1.2 Dockerfile(multi-stage,~140MB final)

FROM python:3.11-slim AS builder
WORKDIR /app
RUN pip config set global.index-url https://mirrors.aliyun.com/pypi/simple/
COPY requirements.txt .
RUN pip install --no-cache-dir --user -r requirements.txt

FROM python:3.11-slim
WORKDIR /app
COPY --from=builder /root/.local /root/.local
ENV PATH=/root/.local/bin:$PATH
COPY app.py .
EXPOSE 8000 9100
CMD ["chainlit", "run", "app.py", "--host", "0.0.0.0", "--port", "8000", "--headless"]

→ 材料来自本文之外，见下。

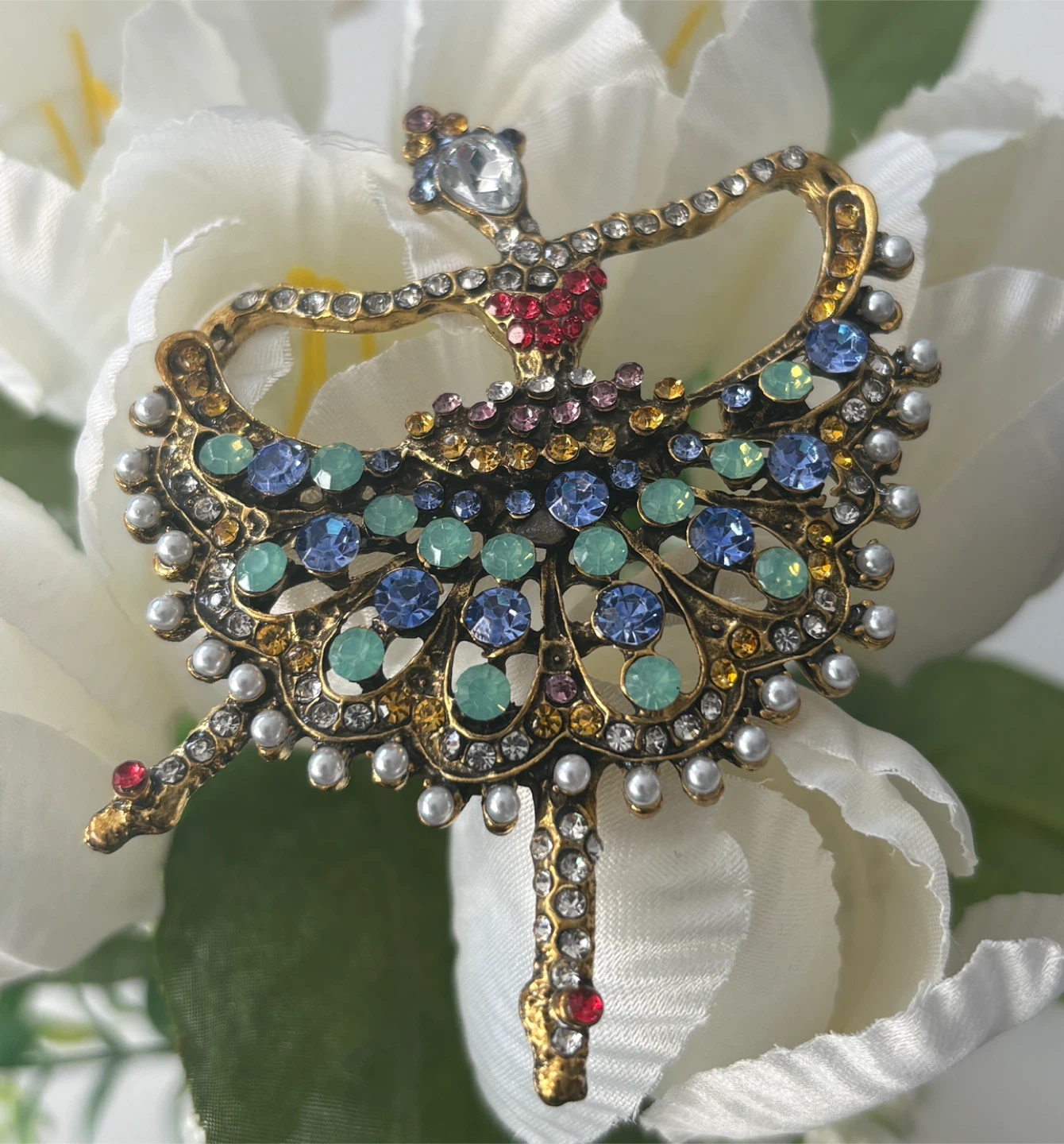 This stunning brooch features a detailed ballerina design encrusted with colourful rhinestones and faux pearls. It's made from gold-tone metal and has a secure clasp. Perfect for adding a touch of sparkle to any outfit!
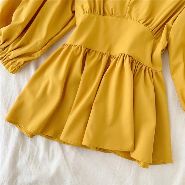 ブラウス レディース ホワイト ブラック トップス 長袖 Vネック フレア ペプラム ウエストマーク ゴム 伸縮性 春 夏 秋 きれいめ かわいい シンプル カジュアル おしゃれ 着痩せ 細見え 着回し 合わせやすい おうち時間 休日 デート お出かけ お呼ばれ 旅行 女子会 通勤 通学
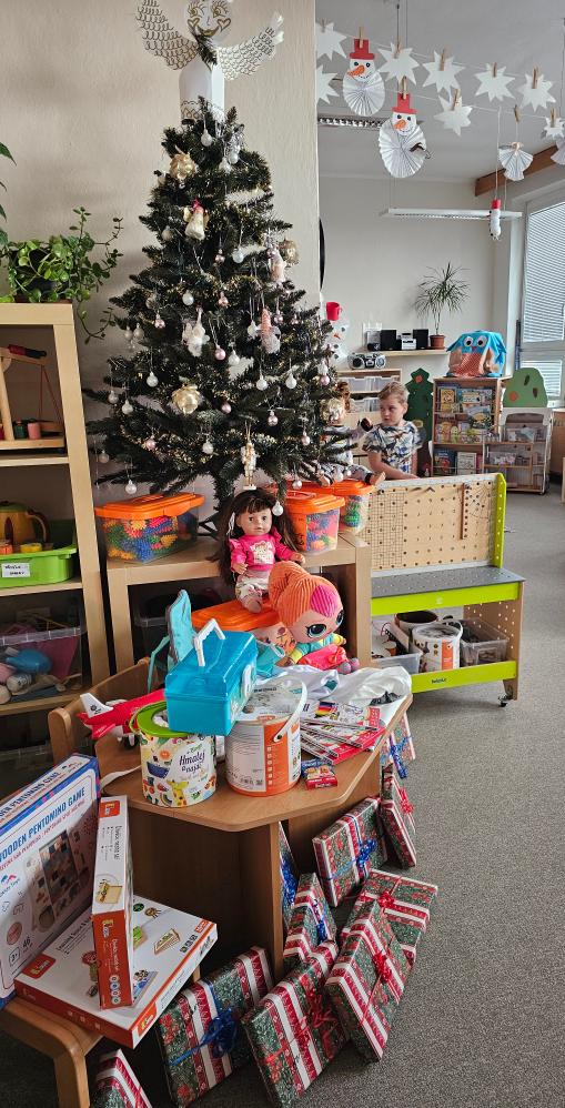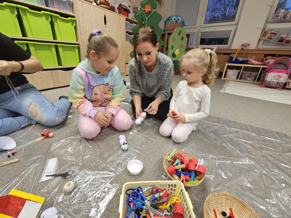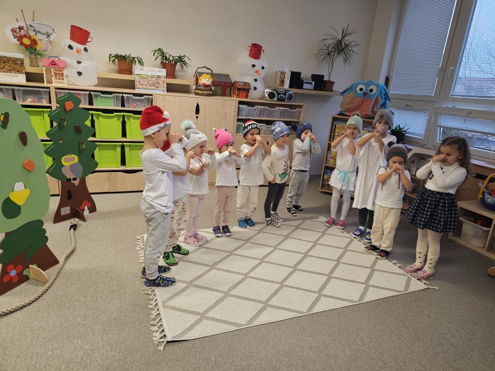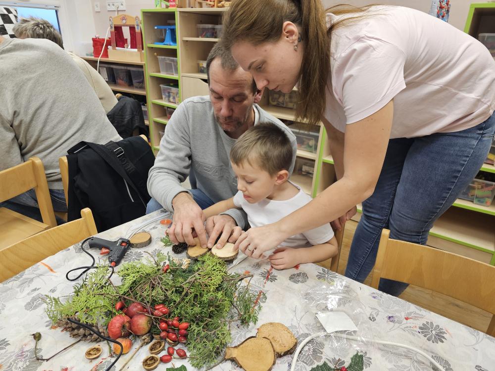 Letos jsme uspořádali vánoční dílničky pro rodiče v zimním duchu s dětmi, jako sněhuláčky. Krátké vystoupení dětí naplněné zimními básničkami a hudebně pohybovými hrami rozveselilo výraz v obličeji nejen dětem, ale i rodičům. Zúčastnění rodiče měli na závěr vystoupení možnost si se svou ratolestí zatančit hudebně pohybovou hru Dva mrazíci. Na chvilku se z dětí stali učitelé a vedli svého tatínka a maminku k neuvěřitelným tanečním výkonům. A jak jim to všem, panečku, klapalo, to byste koukali!
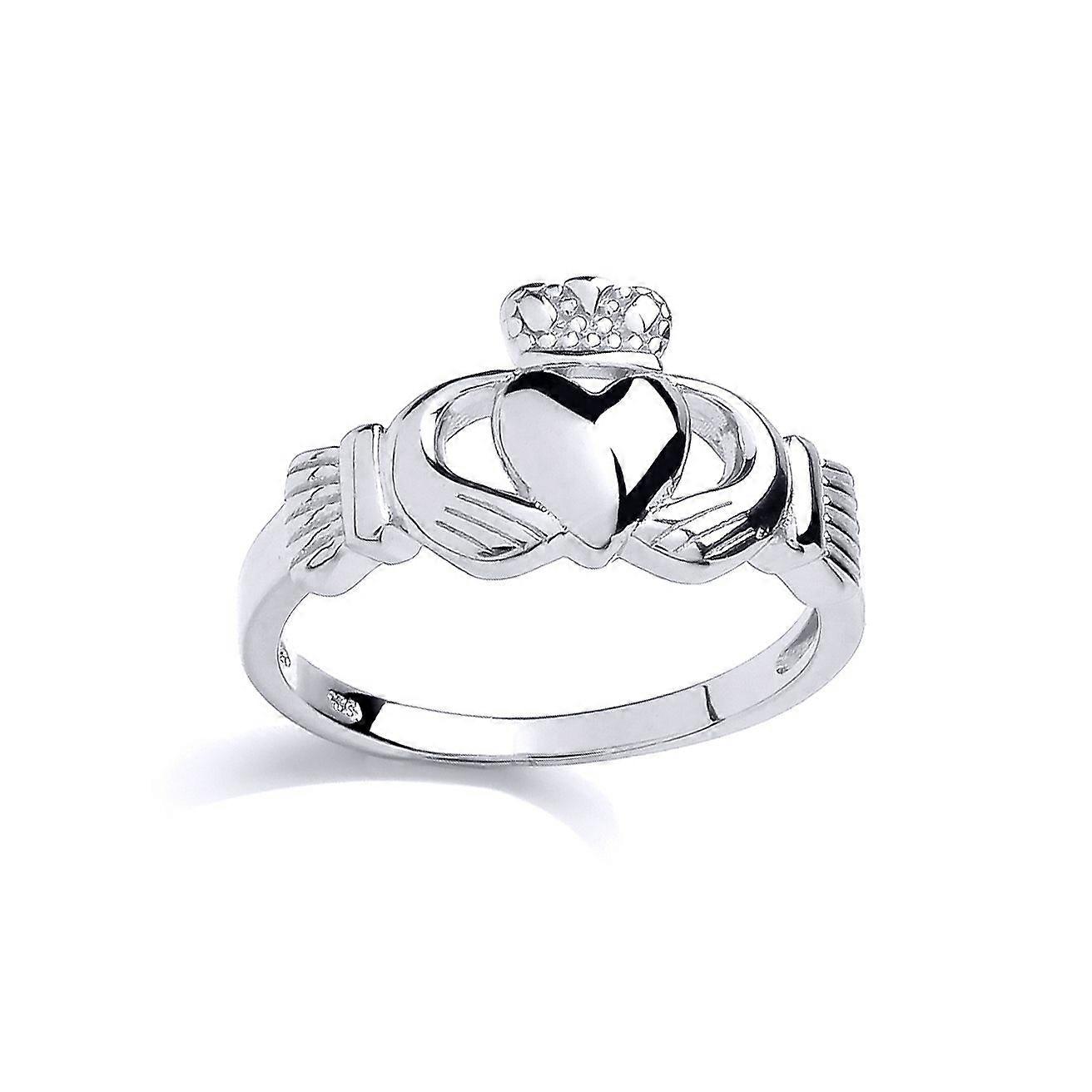 Jewelco London Ladies Rhodium Plated Sterling Silver Love Heart Crown Claddagh Claddagh Ring
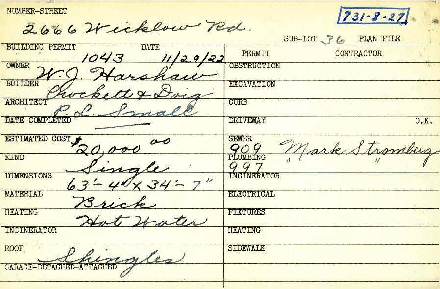 2666 Wicklow Road Shaker Heights, OH 44120 PARCEL ID: 731-08-027 Building Permit Date: 11-29-1922 Plan File Number: 6671 Microfilm Roll: Roll#87 Neighborhood: Boulevard Owner: Harshaw, W. J. Builder: Crockett and Doig Architect: Small, P. L. Estimated Cost: 20000 Kind: Single, Single Residence or Dwelling Material: Brick Heating: Hot Water Roof: Shingles |
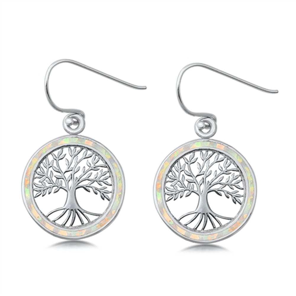 Sterling Silver Tree of Life Nature Round Earrings White Synthetic Opal 925 New
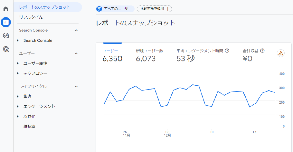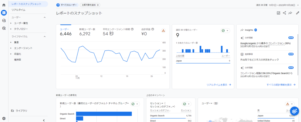 「レポート」では、GA4で計測した基本的なデータを確認することができます。
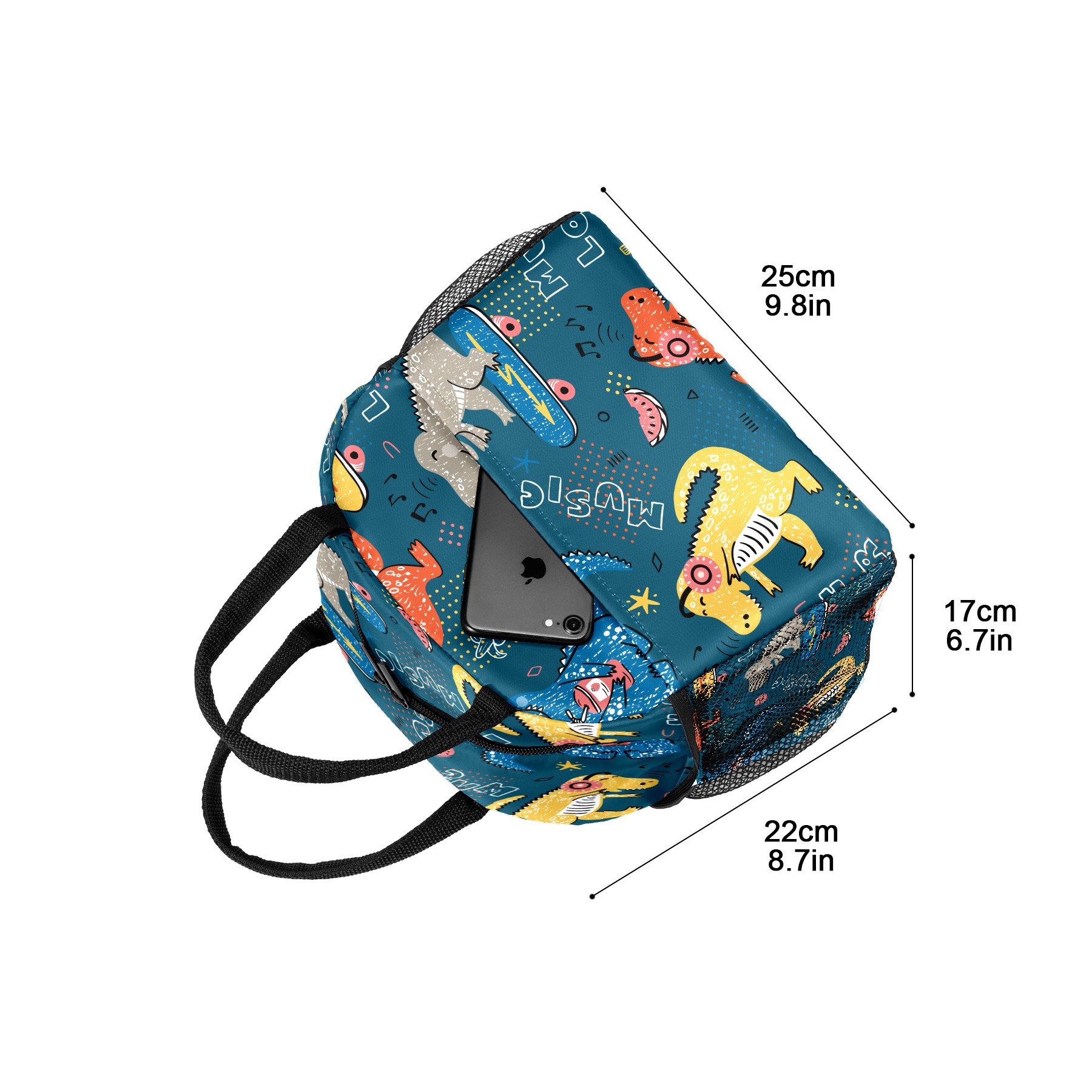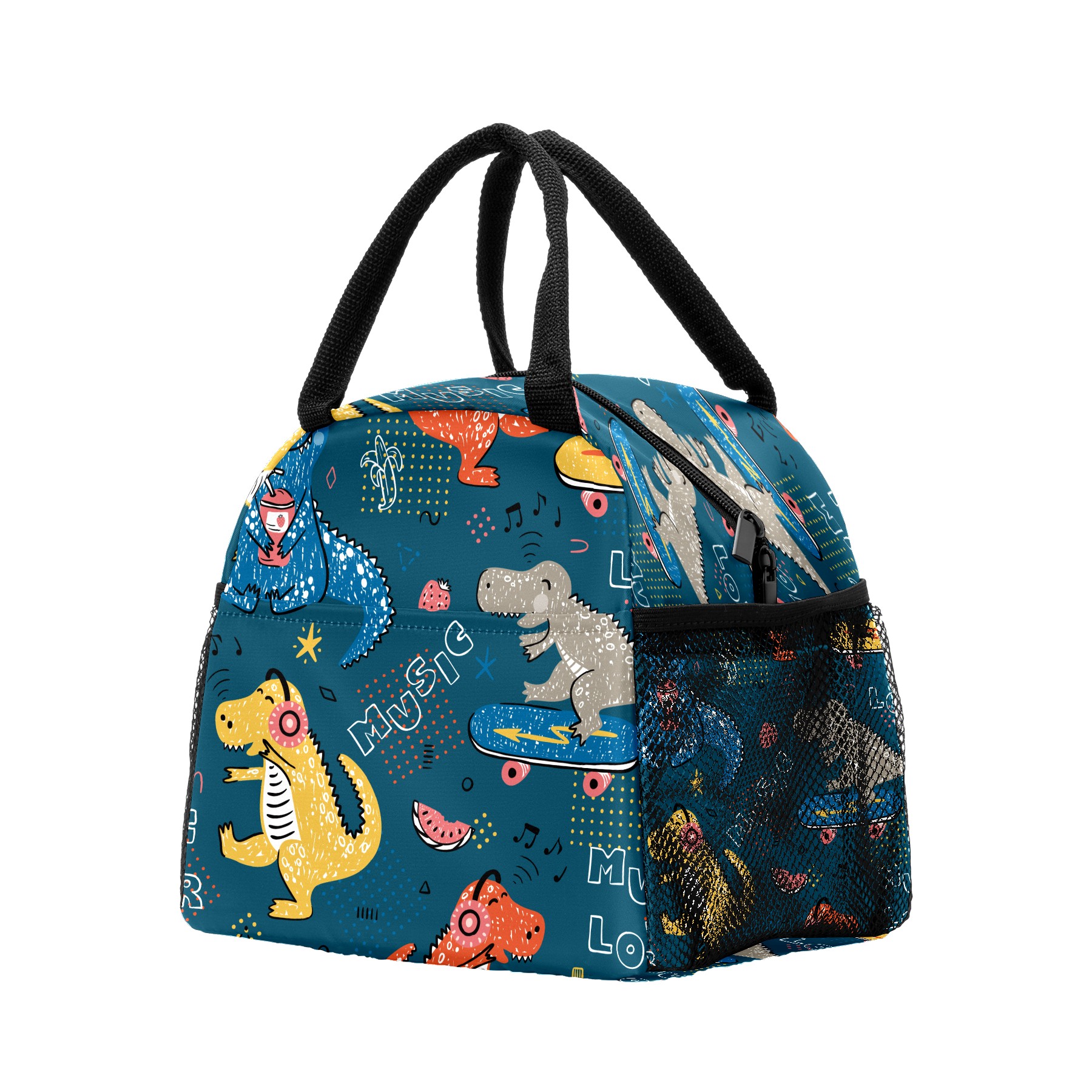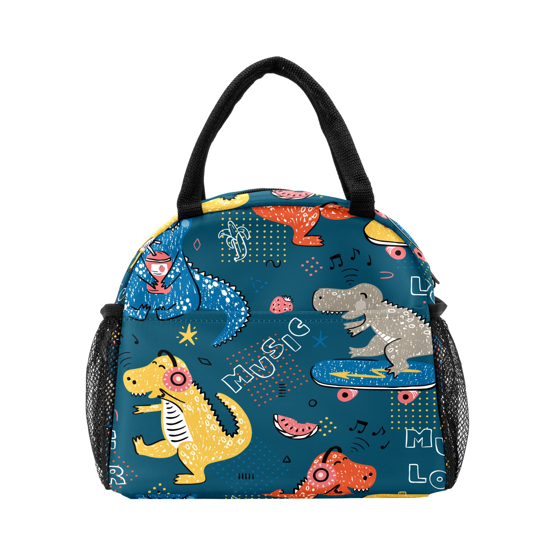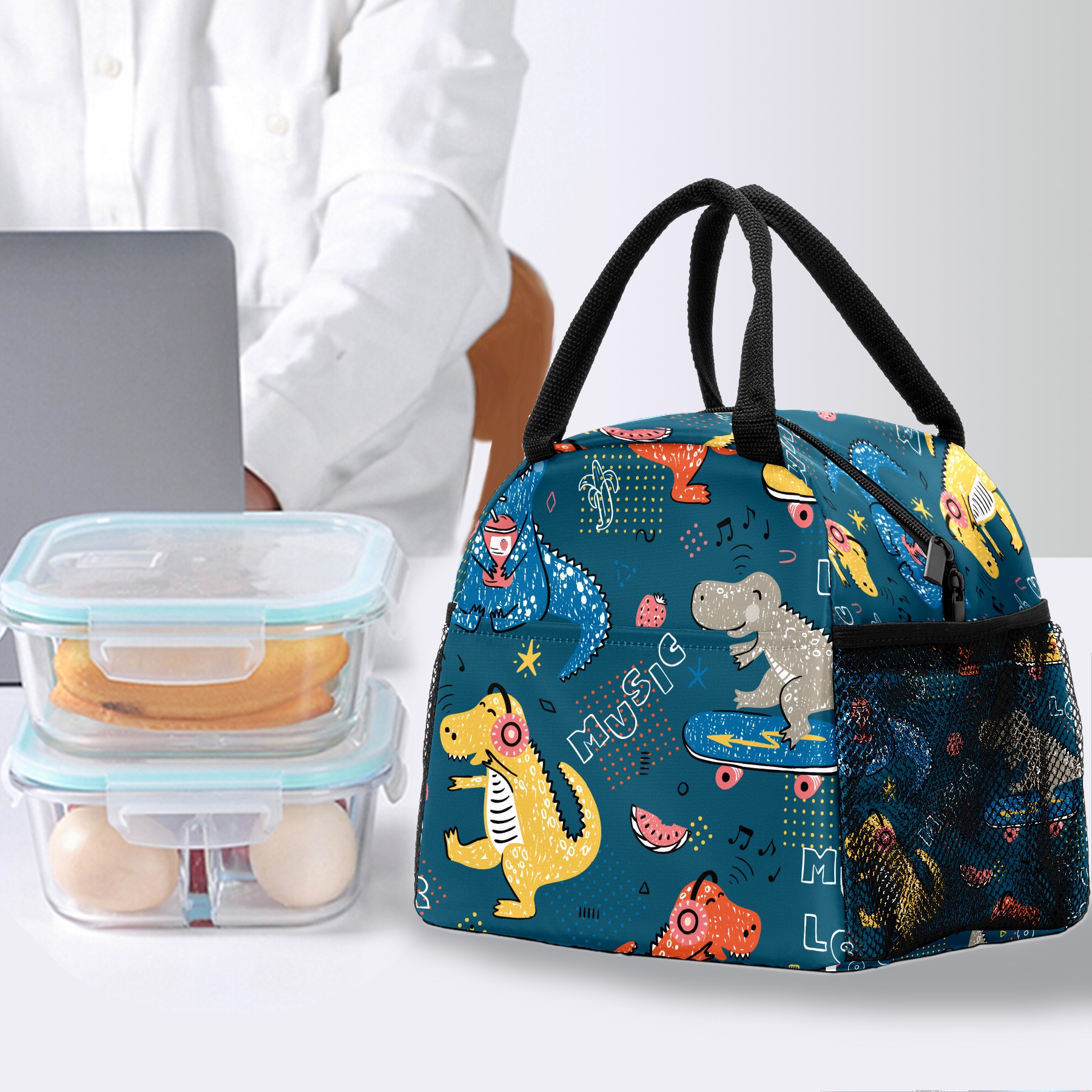 Lunch Bag for Women Men, Cartoon Dinosaur Love Music Notes Insulated Reusable Lunch Box Thermal Cooler Tote Bag for Work Picnic Hiking Travel Beach
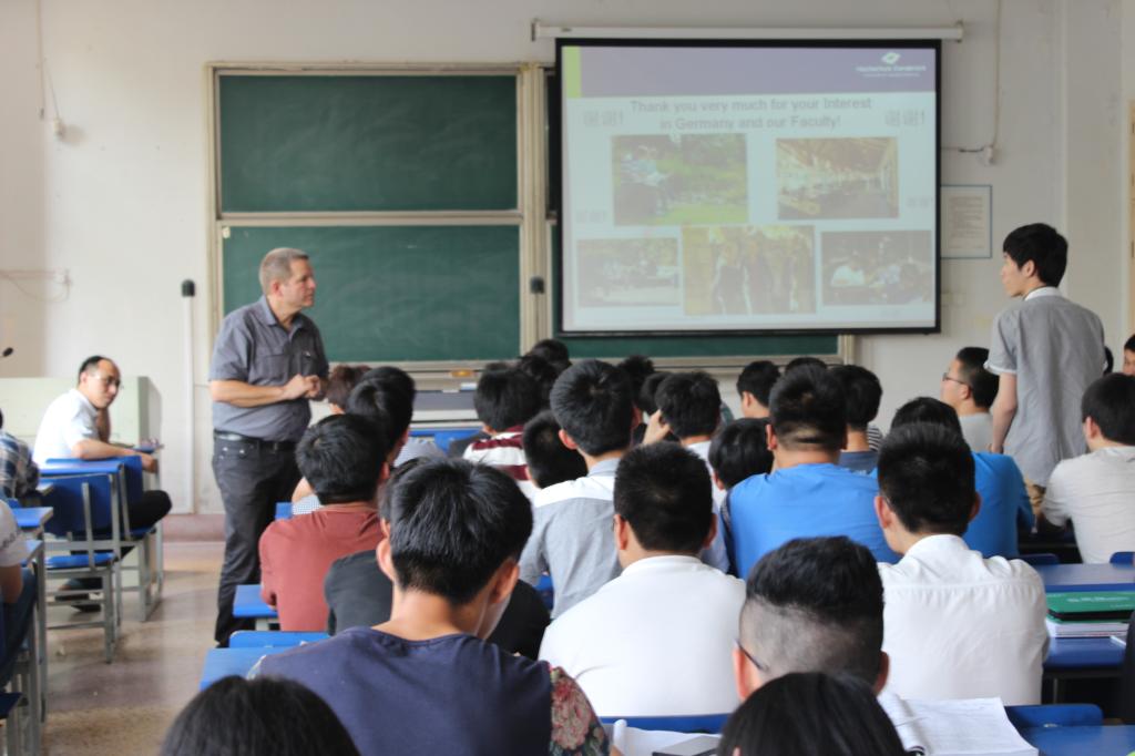 19日下午,Anlauf教授为测绘学院2014级学生作了一场题为《Impression of Germany》的报告。Anlauf在报告中向同学们介绍了德国的地理、人口、城市、文化、饮食和教育,德国高等教育体系设置并详细介绍了奥斯纳布吕克应用科技大学接纳外国留学生的具体办法。报告结束后,Anlauf回答了同学们的提问,并鼓励大家一定要学好英语。
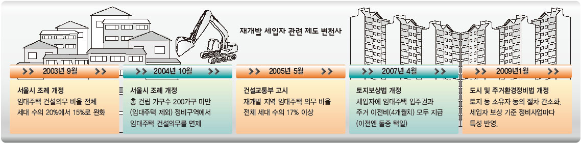 摩擦が起きるのが常だ。ニュータウンをはじめとする大部分の再開発地域で借家人を保護するための手続きがまともに守られないまま事業が強行されていると専門家たちは指摘する。イ・ウンジョン委員長は「再開発過程で借家人は住民供覧の時だけ参加できるとして、住居移転費を縮小したり支給を先送りする行為,引越し費用を与えない行為などを知る方法がない」と話した。住民供覧の場合にも、二ヶ所以上の日刊紙に公告したり原住民全数調査を通じて意見を集約するべきなのに事実上有名無実だという指摘だ。

1.3 Jenkinsfile (跟 Day 8 番外同款 Kaniko 模式)

pipeline {
  agent {
    kubernetes {
      yaml '''
apiVersion: v1
kind: Pod
spec:
  tolerations: [{operator: Exists}]
  containers:
  - name: kaniko
    image: gcr.io/kaniko-project/executor:debug
    command: [/busybox/cat]
    tty: true
    volumeMounts:
    - {name: docker-config, mountPath: /kaniko/.docker}
    resources: {requests: {cpu: 200m, memory: 512Mi}}
  volumes:
  - name: docker-config
    secret:
      secretName: harbor-auth
      items: [{key: .dockerconfigjson, path: config.json}]
'''
    }
  }
  environment {
    REGISTRY = "10.0.24.28:30002"; PROJECT = "bootcamp"; IMAGE = "chat-ui"
  }
  stages {
    stage('Build and Push') {
      steps {
        container('kaniko') {
          sh '''
            GIT_SHA=$(git rev-parse --short HEAD 2>/dev/null || echo dev)
            /kaniko/executor --dockerfile=Dockerfile --context=$(pwd) \
              --destination=${REGISTRY}/${PROJECT}/${IMAGE}:${GIT_SHA} \
              --destination=${REGISTRY}/${PROJECT}/${IMAGE}:latest \
              --insecure --skip-tls-verify
          '''
        }
      }
    }
  }
}

2. CI 流水线实测(Day 8 番外的 Jenkins job 直接复用)

git push 到 notes-app → Jenkins SCM watch → 自动构建:

Build #2 console (节选):

INFO[0222] Pushing image to 10.0.24.28:30002/bootcamp/chat-ui:dev
INFO[0351] Pushed 10.0.24.28:30002/bootcamp/chat-ui@sha256:608d0d083ae2188...
INFO[0351] Pushing image to 10.0.24.28:30002/bootcamp/chat-ui:latest
INFO[0353] Pushed 10.0.24.28:30002/bootcamp/chat-ui@sha256:608d0d083ae2188...
✅ Image pushed: 10.0.24.28:30002/bootcamp/chat-ui:dev
Finished: SUCCESS

Harbor 现状:

  • bootcamp/chat-ui (Day 11 新)
  • bootcamp/hello-kaniko (Day 8 番外验证用)
  • bootcamp/nginx (Day 7)

3. K8s 部署 manifest(GitOps 通过 notes-deploy repo)

3.1 namespace + cross-WAN Service

---
apiVersion: v1
kind: Namespace
metadata:
  name: chat
  labels: {pod-security.kubernetes.io/enforce: baseline}
---
# vLLM 上游通过 SSH tunnel 接入 — Service + 手动 Endpoints
apiVersion: v1
kind: Service
metadata: {name: vllm-upstream, namespace: chat}
spec:
  type: ClusterIP
  ports:
  - {port: 8000, targetPort: 30800, name: http, protocol: TCP}
---
apiVersion: v1
kind: Endpoints
metadata: {name: vllm-upstream, namespace: chat}
subsets:
- addresses: [{ip: 10.0.24.31}]    # m1 hostIP, SSH tunnel
  ports: [{port: 30800, name: http, protocol: TCP}]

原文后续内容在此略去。